Rotationplasty is an impressive surgical procedure (and an alternative to above-knee amputation) used today primarily on patients with childhood bone cancers and particular congenital limb differences, though its history takes us back to 1927 Germany with a young boy whose leg was stunted in its growth by tuberculosis. The procedure was then made more popular in the 1950s in the Netherlands for patients with a congenital limb difference. The procedure finally began being used for osteosarcoma (its majority use today) in 1981 in Austria. Recently, the procedure has recently been reported as being performed in Syria (2021), and recommended as useful for patients of “low income status.”
Since the first publication of the rotationplasty in 1930, which features pictures of a young woman after her procedure in a prosthesis, the prosthestic design has remained largely the same with different materials. (The woman’s shoe, which is part of her prosthesis, has a higher heel than my rotationplasty prosthesis can even accommodate today.) There is something to be said about designs that endure, especially when so much discourse about prosthetic advancement characterizes them as ever-developing and improving.

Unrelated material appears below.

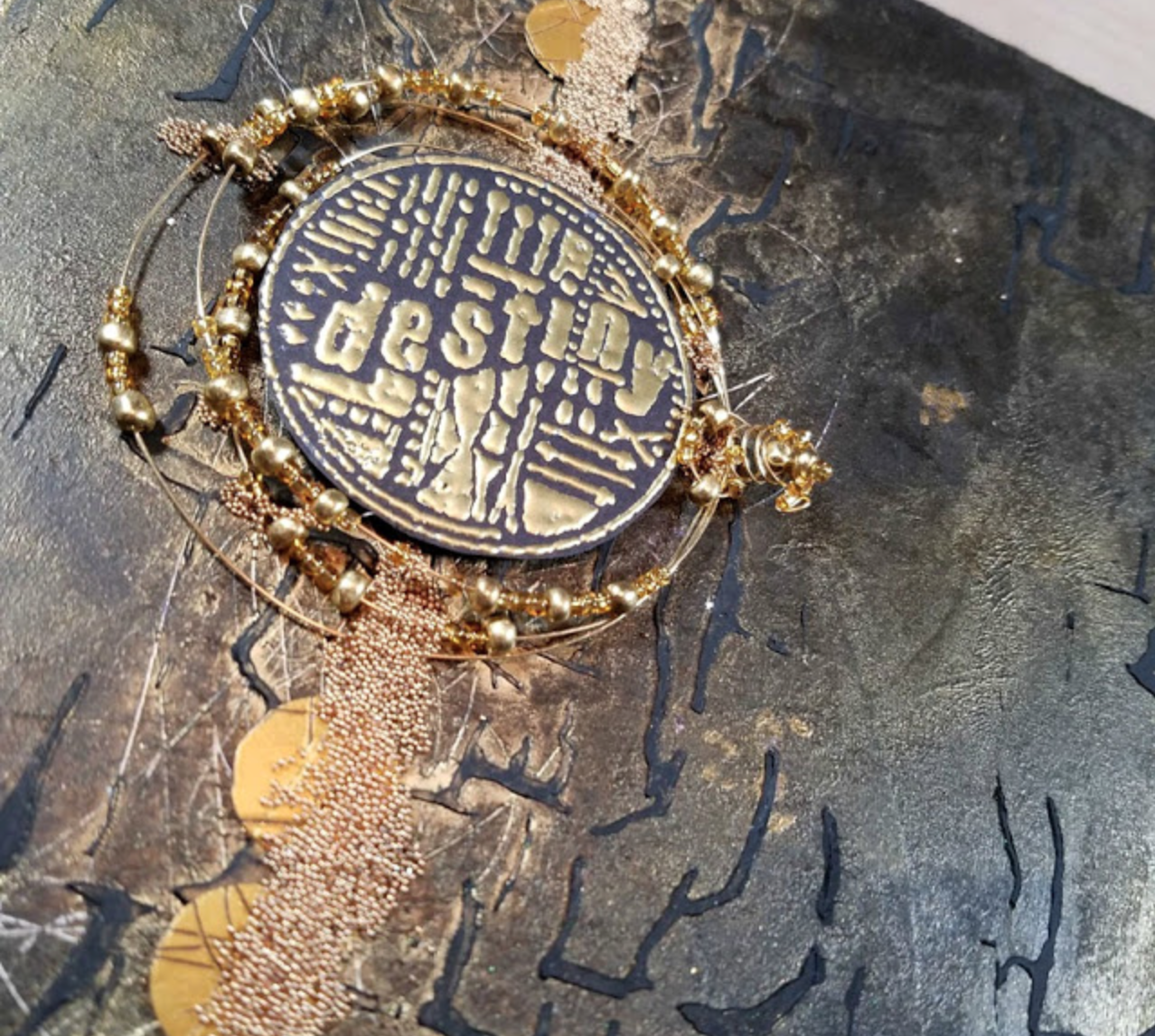 (PaperArtsy Paint Set 1, Paint Set 2), Eclectica 03 Rubber Stamp Set, Eclectica 04 Rubber Stamp Set, Wood Chips Set 1; Spellbinders Word Circles 1 Die and Stamp Set; StencilGirl Discovery Stencil, Transform Stencil)Nikki Acton
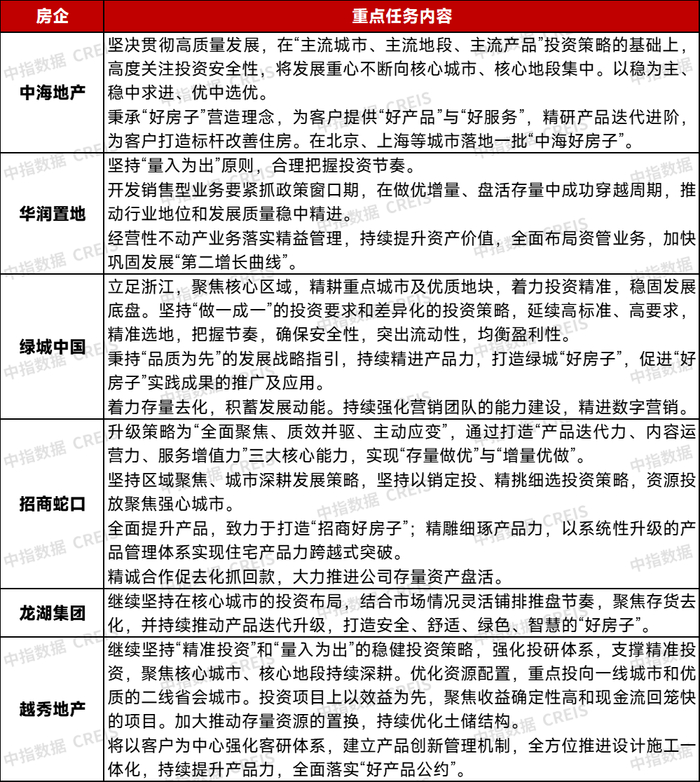 数据来源:中指数据CREIS房企战略:精准投资,效率为先,聚焦“好房子”,加速去化与存量资产盘活

Today, rotationplasty amputees are networked through social media and use each other’s knowledge to get better care and better fitting devices. Through this network, they help each other find appropriate surgeons and prosthetists and advocate for rotationplasty in wider use. Considered ugly by some surgeons, this is a procedure that was once more often to boys than girls, and offered only to children. Finding information about rotationplasty was once incredibly difficult, and patients are often advocates for themselves using what they have heard from others (and can now find more readily in community-driven materials). Though the amputation-type still makes up a fraction of a percent of amputations, it is hard to gauge how many rotationplasty procedures have been performed because of the absence of appropriate codes for recording this data (often getting lumped into other types of amputation categories and categories for prosthetics). This presentation asks us to think about agency, expertise, and experience in the context of this particular surgical procedure and reflects more widely on the relationships between surgeons, prosthetists, and patients in the material reality of bodies and artifacts.